Important: STAGE_PATH used in this step must be used when running the workload.

Prepare Dataset

Pre-training Llama3.1 requires a text-based dataset to be downloaded and pre-processed for the NeMo Framework to ingest the data optimally. The Pile is often used as the dataset for pre-training models. The NeMo Framework contains helper scripts to download and pre-process the dataset. The following steps outline how to download and pre-process the dataset on DGX Cloud with an explanation of key points after.

Make sure $STAGE_PATH/llama3.1-dataset/llama contains tokenizer files downloaded from previous step.

Submit the generate_dataset.sh script. The script launches several Slurm jobs that will download the dataset from The Pile, pre-process it and save it in a form suitable for subsequent training. The resulting dataset files will be saved under the $STAGE_PATH/llama3.1-dataset folder. The dataset creation may use up to 100GB. Make sure you have sufficient disk space available.

Important: You only need to run this step once. The same dataset can be used for Llama3.1 8b and 70b.

sbatch -A ${SBATCH_ACCOUNT} -p ${SBATCH_PARTITION} -N 1 ./generate_dataset.sh

If the dataset generation step was successful there should be 2 idx and 2 bin files in the $STAGE_PATH/llama3.1-dataset folder.

my-llama_00_text_document.bin
my-llama_00_text_document.idx
my-llama_01_text_document.bin
my-llama_01_text_document.idx

If that is not the case, check the log files in: $STAGE_PATH/results.data_preparation

Run Training

NeMo Launcher is using the Hydra framework to process command line arguments and pass them down as hyperparameters to a multi-node job performing the training.

The training will run for the first 50 steps and will stop afterwards. Log files and results will be located under the $STAGE_PATH/results/$GSW_VERSION/${DTYPE}/70b/$JOB_TOTAL_GPUS folder.

Below is a command template for launching Llama 3.1 70b model training.

DTYPE=<fp8/bf16> MODEL_SIZE=70b sbatch -A ${SBATCH_ACCOUNT} -p ${SBATCH_PARTITION} -N ${NUM_NODES} ./launch.sh

Where:

  • DTYPE and MODEL_SIZE are required environment variables.
    • DTYPE can be either fp8 or bf16.
    • MODEL_SIZE should be 70b in this case.
  • NUM_NODES can be calculate by N_GPUS / N_GPUS_PER_NODE, N_GPUS_PER_NODE is 8 for DGX H100, therefore for 128 GPUs scale, NUM_NODES should be 128 / 8 = 16.
  • Slurm Settings for more information on Slurm parameters.

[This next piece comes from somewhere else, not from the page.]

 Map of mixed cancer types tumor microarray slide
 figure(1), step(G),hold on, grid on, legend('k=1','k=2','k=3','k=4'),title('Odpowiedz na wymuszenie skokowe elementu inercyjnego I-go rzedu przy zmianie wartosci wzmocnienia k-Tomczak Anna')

It is important to maintain these values for model parallelism settings in order to accurately assess performance results for completed jobs against expected baseline:

  • training.model.tensor_model_parallel_size=4
  • training.model.pipeline_model_parallel_size=4
  • training.model.virtual_pipeline_model_parallel_size=5
  • training.model.context_parallel_size=2

Global batch size ( training.model.global_batch_size) value should be set to <number of nodes> * 16. E.g., 16 * 16 = 256 (in the example above).

Profiling

We have two profiling methods supported: Nsight, and NCCL Trace.

Due to overhead while profiling: the results generated with these settings is not valid for comparison. 'Performance' and 'Profiling' runs should be done separately.

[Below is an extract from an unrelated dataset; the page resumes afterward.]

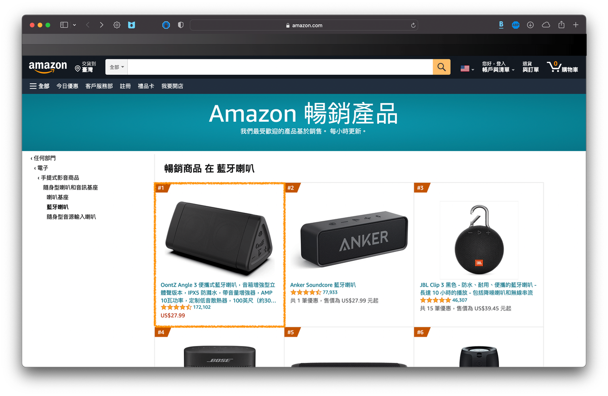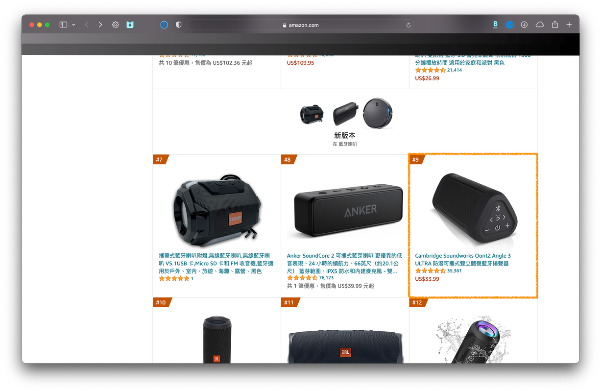 ▲ Angle 3 跟 Angle 3 ULTRA 在我撰稿的時候分別是 Amazon 藍牙喇叭暢銷排行榜的第 1 名、第 9 名。(圖片來源 / 翻攝自 Amazon)
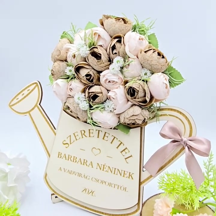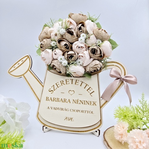 Ajándék óvó néninek, tanító néninek - selyemvirágokkal díszített egyedi feliratos öntözőkanna 12.

Note: Profiling and NCCL Trace are currently mutually exclusive.

Run Nsight Profiling

Nsight Systems is included in our containers. To enable profiling with Nsight Systems set variable ENABLE_PROFILE=true when submitting your job.

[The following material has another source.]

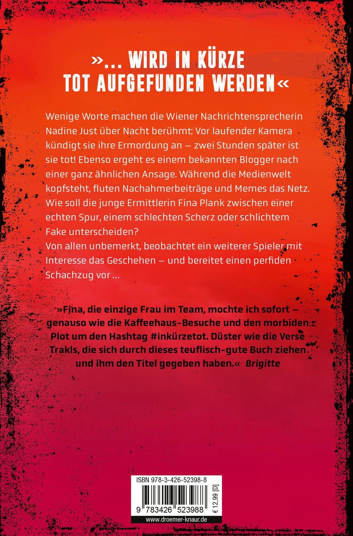 Wenige Worte machen die aufstrebende Wiener Nachrichtensprecherin Nadine Just über Nacht berühmt: Vor laufender Kamera kündigt sie ihre Ermordung an - zwei Stunden später ist sie tot! Ebenso ergeht es dem Blogger Gunther Marzik nach einer ganz ähnlich lautenden Ankündigung. Während die österreichische Medienwelt kopfsteht, trendet der Hashtag #inkürzetot, Nachahmer-Beiträge und Memes fluten das Netz. Wie soll die junge Ermittlerin Fina Plank im fünfköpfigen Team der Wiener 'Mordgruppe' zwischen einer echten Spur, einem schlechten Scherz oder schlichtem Fake unterscheiden? Schließlich rückt Nadines Ex-Freund Tibor Glaser ins Zentrum von Finas Ermittlungen, ein aalglatter Werbefachmann und Weiberheld, der verzweifelt seine Unschuld beteuert.

In order to view the resulting profiles, ensure you have the latest version of Nsight Systems installed. For more information visit: Nsight Systems

Default Profiling Settings:

  • MPI Ranks: 0-15
  • Job Steps: 20-30
  • Output Location: .nsys-rep files are saved in the nsys folder within the existing results directory.
  • Filename format: ${MODEL}-${MODEL_SIZE}-${DTYPE}_${NUM_GPUS}g_${SLURM_JOB_ID}_${SLURM_NODEID}_${SLURM_LOCALID}.nsys-rep

Example command:

ENABLE_PROFILE=true DTYPE=<fp8/bf16> MODEL_SIZE=70b sbatch -A ${SBATCH_ACCOUNT} -p ${SBATCH_PARTITION} -N ${NUM_NODES} ./launch.sh

Customizing profiling behavior:

  • Specify job steps to profile:
    • RUN_CONF_PROFILE_START_STEP: start profiling on this job step. Default: 20
    • RUN_CONF_PROFILE_STOP_STEP: stop profiling on this job step. Default: 30
  • Select MPI ranks to profile:
    • RUN_CONF_PROFILE_RANKS: Comma-separated list of MPI ranks to profile. Example: "0,1,2,3" Default: "0,1,2,3,4,5,7,8,9,10,11,12,13,14,15"
  • Enable GPU device metrics capture:
    • RUN_CONF_PROFILE_GPU_METRICS: boolean, set to 'true' to capture device metrics.
    • Default: false
    • Note: Additional system configuration is required for GPU device metrics to work.
  • Enable CPU metrics capture:
    • RUN_CONF_PROFILE_CPU: boolean, set to 'true' to capture CPU metrics.
    • Default: false

Example customized profiling command:

ENABLE_PROFILE=true RUN_CONF_PROFILE_GPU_METRICS=true RUN_CONF_PROFILE_RANKS="0" DTYPE=<fp8/bf16> MODEL_SIZE=70b sbatch -A ${SBATCH_ACCOUNT} -p ${SBATCH_PARTITION} -N ${NUM_NODES} ./launch.sh

Troubleshooting:

If you encounter issues, try the defaults ENABLE_PROFILE=true first as these should be broadly applicable to most systems.

Viewing results

In order to view the profile traces (*.nsys-rep files) interactively:

  • Install the latest Nsight Systems client on your preferred system
  • Copy the generated .nsys-rep files to a folder on your preferred system. E.g., /home/nsight-traces/
  • Open Nsight Systems client, then click "File | Open" and select one or more .nsys-rep files from /home/nsight-systems folder. For more details, see Reading Your Report in GUI guide.
  • Once loaded you can analyze the workload behavior to learn about any performance bottlenecks associated with the job run.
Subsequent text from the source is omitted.